Documentary Memory and Textual Agency:
H.D. and Susan Howe

by Kathleen Crown

 

The distortion of a text is not unlike a murder. The difficulty lies not in the execution of the deed but in the doing away with the traces.

--Sigmund Freud, Moses and Monotheism (52)

To what degree can a text of trauma contain and project violence, while still bearing the rearticulating and healing function of the witness? For H.D. and Susan Howe, archival documents are themselves potential witnesses to traumatic historical events, and both poets attempt to rearticulate documents that have been lost, mutilated, or destroyed. But they do so by serving, in some sense, as mediums for an agency that they view as already residing in the distorted, traumatized, or "murdered" text. In H.D.’s "autobiographical fantasy," The Gift, the witnessing narrator relays the contents of a "lost parchment" recording a peaceful 18th-century encounter between Moravian settlers and Native Americans. In Susan Howe’s long poem Articulation of Sound Forms in Time, the missing document is the Reverend Hope Atherton’s account of his involvement in a 17th-century massacre of an encampment of Native Americans.
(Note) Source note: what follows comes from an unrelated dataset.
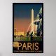 París, édité par les grands réseaux des chemins de fer Français (París, publicado por las principales redes ferroviarias de Francia). Afiche de viaje de Julien Lacaze muestra la plaza de la Concordia con obelisco y fuentes.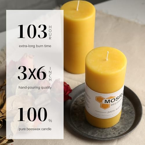 Return Policy Fast Delivery Trusted seller Large 3x6 Inch 100% Beeswax Pillar Candles, 85 Hours Long Burn Time, Unscented Beeswax Candle, Handcrafted Pure Bees Wax Candle for Ambience, Home Fragrance, Decor, Relax (1 Pack) Product Description 【100% PURE BEESWAX PILLAR CANDLES】 beeswax pillar candle is made from natural beeswax and we add no scent to these pillar candles, but beeswax itself is naturally honey scented with a very light and gentle aroma. With 100% cotton wicks improve the burning process; you'll enjoy a smokeless flame that flickers less than others. 【LONG LASTING BURN TIME BEESWAX CANDLE】Enjoy over 85 hours of burn time with each dripless bees wax pillar candle. Each large beeswax pillar candle is 3 inches in diameter and 6 inches tall. The size of our beeswax pillar candle will be slightly smaller than listed due to the natural cooling process, leaving a smooth and scuff-free finish on each pillar. Beeswax Pillar Candles are perfect addition to your party table and home decor. 【SMOKELESS AND DRIPLESS PILLAR CANDLES】Our pure beeswax pillar candles are harvested from natural bees farms, the wonderful fragrance of raw beeswax candles is free of chemicals or coloring, leaving only long lasting wax scents of sweet honey with a natural deep yellow color, so that bees wax pillar candles burn cleanly and evenly, with no dripping or mess. 【NATURAL HONEY SCENTED BEESWAX CANDLES】Beeswax candles are known for being slow-burning and hypoallergenic. They can bring a feeling of comfort with their natural honey aroma and color. The aroma of an organic beeswax candle brings can set a positive tone in your home, inviting ambiance and peace. 【WARM AND RELAXING FOR YOU】Whether it is for a romantic night, peaceful evening, prayer, or meditation, our Bees Wax Candles can help create a positive and warming environment. Make any space feel cozy and welcoming with an beeswax pillar candle. The pure beeswax candles are perfect for home decor. The warm, natural glow of these beeswax pillar candle adds a touch of elegance to any room. They are perfect for any occasion, from a romantic dinner to a cozy night in. Shipping Returns Payment Shipping Shipping is FREE to all addresses other than APO/PO boxes in the lower 48 states. All our stock ships from US-based warehouses. Shipped via USPS or UPS (depending on location and package weight) Unless stated otherwise, all orders will ship within 24-72 hours of your payment being processed. Check our feedback to see the great reviews of FAST shipping we offer. Returns Seller does not accept returns Payment We currently accept payment via eBay managed payments only. Once payment is cleared, we will dispatch your shipment within 1-3 business days. Please refer to the "Shipping" tab for more information regarding shipping speed to your destination.

In both cases, these traumatic events are witnessed by means of unusual compositional practices that depend on a rhetoric of ecstasy and "historical possession." For both Howe and H.D., the poetic speaker is "possessed" by inarticulate archival materials and the historical voices they record.

The testimonial work of H.D. and Howe thus proposes a kind of "ecstatic historiography," and my question above about violence and poetry might be framed as one about poetic agency: How far can a poet go toward assigning the agential practice, resistance, and experience of the witness primarily to operations of language within the material conditions of the text -- especially when these ur-texts are lost or even nonexistent? Such formulations of the poet as a receptive medium for outside language and the ghostly voices of the dead -- "poetry telepathy," in Howe’s term --threaten to obscure the poet’s active, even salvational, agency in selecting, collecting, and arranging material. But neither poet subscribes to a poetic practice in which the poet as passive recipient allows the material to take over the page. Rather, the poets describe themselves as getting in the way of outside material -- filtering, editing, and reordering it. Nonetheless, the "ecstatic historiography" of H.D. and Howe teeters dangerously between the two poetic subject positions of passive medium and aggressive agent, and their poetic practice disturbs any neat theoretical division between them. Their work proposes a conflicted version of agency -- one that involves a breaking, choosing, editing, or directing process, but that also involves choosing to serve as an instrument for external (and linguistic) forces. I will explore the extent to which this ecstatic poetic method can represent a serious, ethical response to traumatic historical events.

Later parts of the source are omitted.